32『自然と人間の歴史・日本篇』古代日本語の成立

 それぞれの民族が形成されていくとき、その代表的な属性としては、言葉の存在がある。今日の私たちは、弥生時代(現時点の大方の見立ては紀元前10世紀頃)に入ってからの、話言葉としての「古代日本語」の成立について、どのくらいわかっているだろうか。日本語の系譜として考えられているものとしては、その1として北方語系統説、その2として南方語系統説、それから3番目として複合語説があるとのこと。残念ながら、現代日本語の成立を巡って未だ定説らしきものは見あたらない。多数説というものもない、現時点までの言語学では明確な答えが見つかっていない。
 そもそも、言語というものは、外ならぬ人が運んでくるものだ。
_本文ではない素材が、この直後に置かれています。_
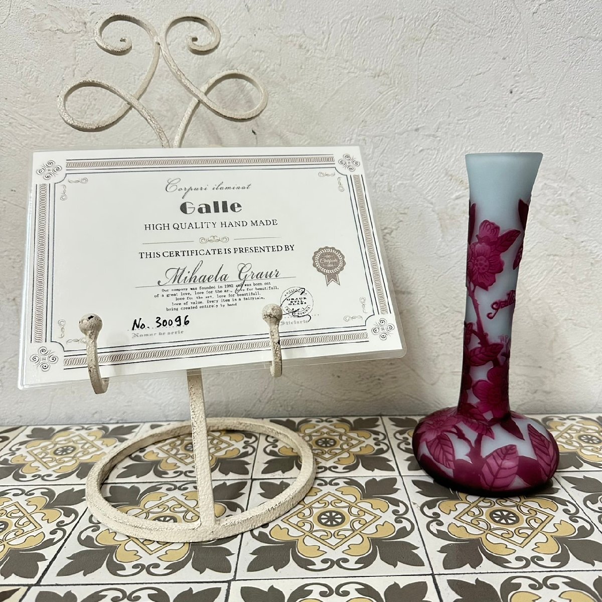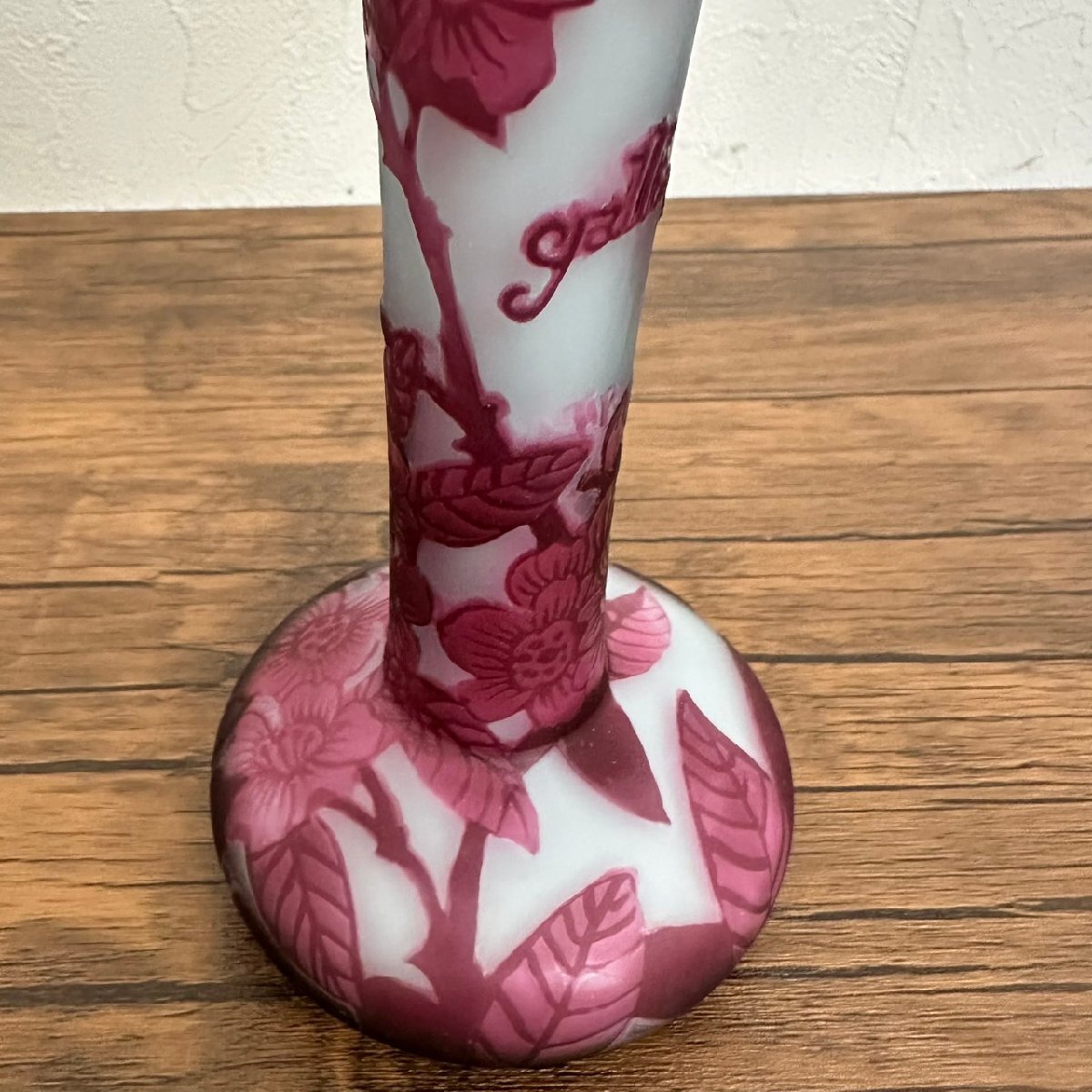 品名【証明書】エミールガレ かわいいサイズ 一輪挿し 花瓶 カメオ彫り 被せガラス
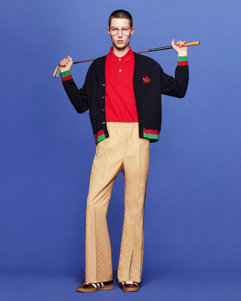 アレッサンドロ・ミケーレ(Alessandro Michele)は、多彩なカラーのスリーストライプのモチーフをアイテムに取り入れるなどしてコレクションの世界観を表現している。トラックパンツには、片方のレッグに「アディダス」のシンボルであるホワイトのスリーストライプ、もう片方には「グッチ」のシンボルであるグリーンとレッドのウェブストライプをあしらった。また、「アディダス」を象徴するスニーカーの「ガゼル(GAZELLE)」に「グッチ」独自のアレンジを加えたモデルが登場する。
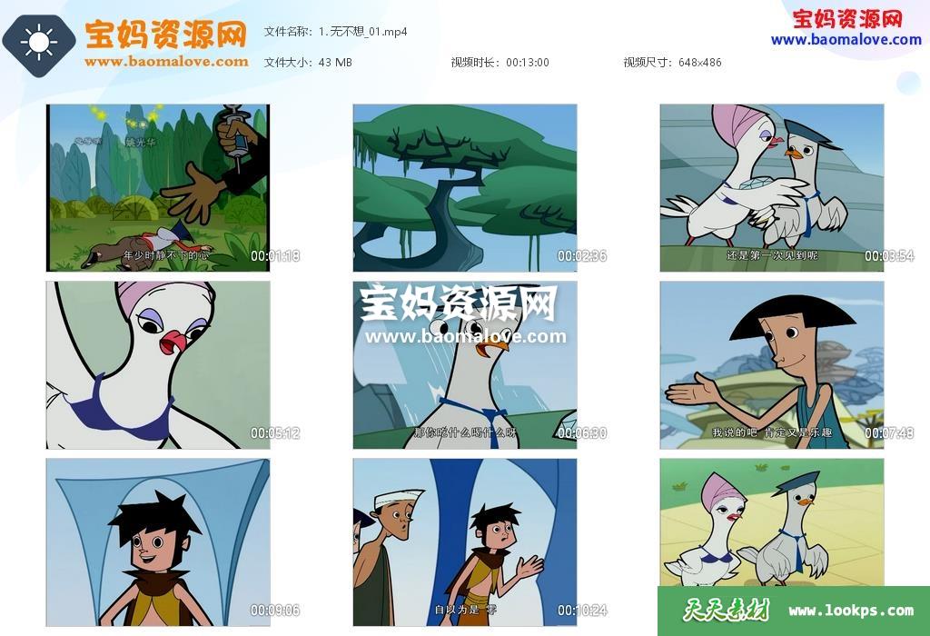 天天资源网收录的动画片《无不想》,全部52集,国语发音,中文字幕;每集大小约43M,资源总大小2.46G,单集播放时长约13分钟,486P标清MP4格式,可以在电视机或电脑、平板、IPAD、早教机、手机等各种设备播放,提供百度云网盘下载。
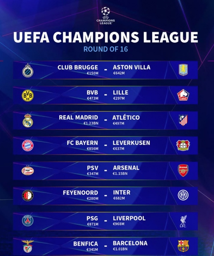 2月21日訊 歐冠十六強對陣已經(jīng)出爐,《轉(zhuǎn)會市場》也列出了各隊身價情況。
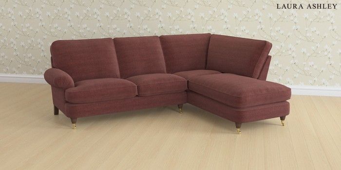 6.12.1 Buy Beaumaris by Laura Ashley Medium Sofa Chaise - Right Hand Edwin Chenille Burgundy Red Low Brass Castor - Chestnut from the Next UK online shop Click here to use our accessible website
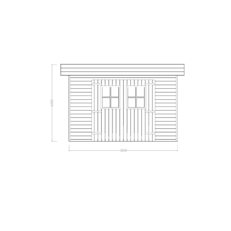 Galpão de jardim de madeira de 14,75m² em madeira spruce sólida e telhado plano em aço Habrita.
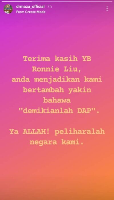Dr Maza menulis “Terima kasih YB Ronnie Liu, anda menjadikan kami bertambah yakin bahawa “demikianlah DAP”. Ya Allah! Peliharakanlah negera kami.
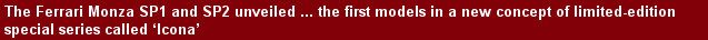 The Ferrari Monza SP1 and SP2 unveiled ... the first models in a new concept of limited-edition special series called ‘Icona’
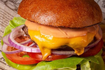 Булочка бриошь, котлета из мраморной говядины, томат, салат айсберг, сыр чеддер, красный лук, соус 1000 островов, трюфельный соус. Продавец: ИП Макаров Михаил Валентинович (773405838865) г. Москва, ул. Берзарина, д. 28а, к. 4, кв. 129 321774600171539

弥生人がこの列島に押しかけてくる直前までの縄文人一般がどんな言語を話していたかは、彼らがどこからやってきたかと同様に、いまだによくわかっていない。これを「古代日本語」ということで締めくくるなら、アイヌ語はその縄文語の範疇(カテゴリー)の中に入っていた。言語学者のアレキサンダー・ヴィヴォンが指摘しているように、本州東国の「武蔵」や「足柄」の地名に係る日本語の解釈としては、成り立ちにくい(例えば、アレキサンダー・ヴィヴォン「萬葉集と風土記に見られる不思議な言葉と上代日本列島に於けるアイヌ語の分布」国際日本文化研究センター、2008)。
 ところが、アイヌ語に置き換えると、それぞれ発音が似て、意味も「草の野原」、「清いところ」となる。日本最古の歌集『万葉集』中に東国歌(あづまうた、古代東国日本語を使う)、防人歌(さきもりうた、常陸国と上野国出身の者によるもの)、肥前風土記歌謡に時を意味する「しだ」(同士の後に続く名詞として)が含まれることも、日本語では解読不可能に近い。ところが、アイヌ語ではこれを二つの言葉からなる合成語として扱うことができる(例えば、瀬川拓郎「アイヌと縄文ーもうひとつの日本の歴史」ちくま新書、2016)。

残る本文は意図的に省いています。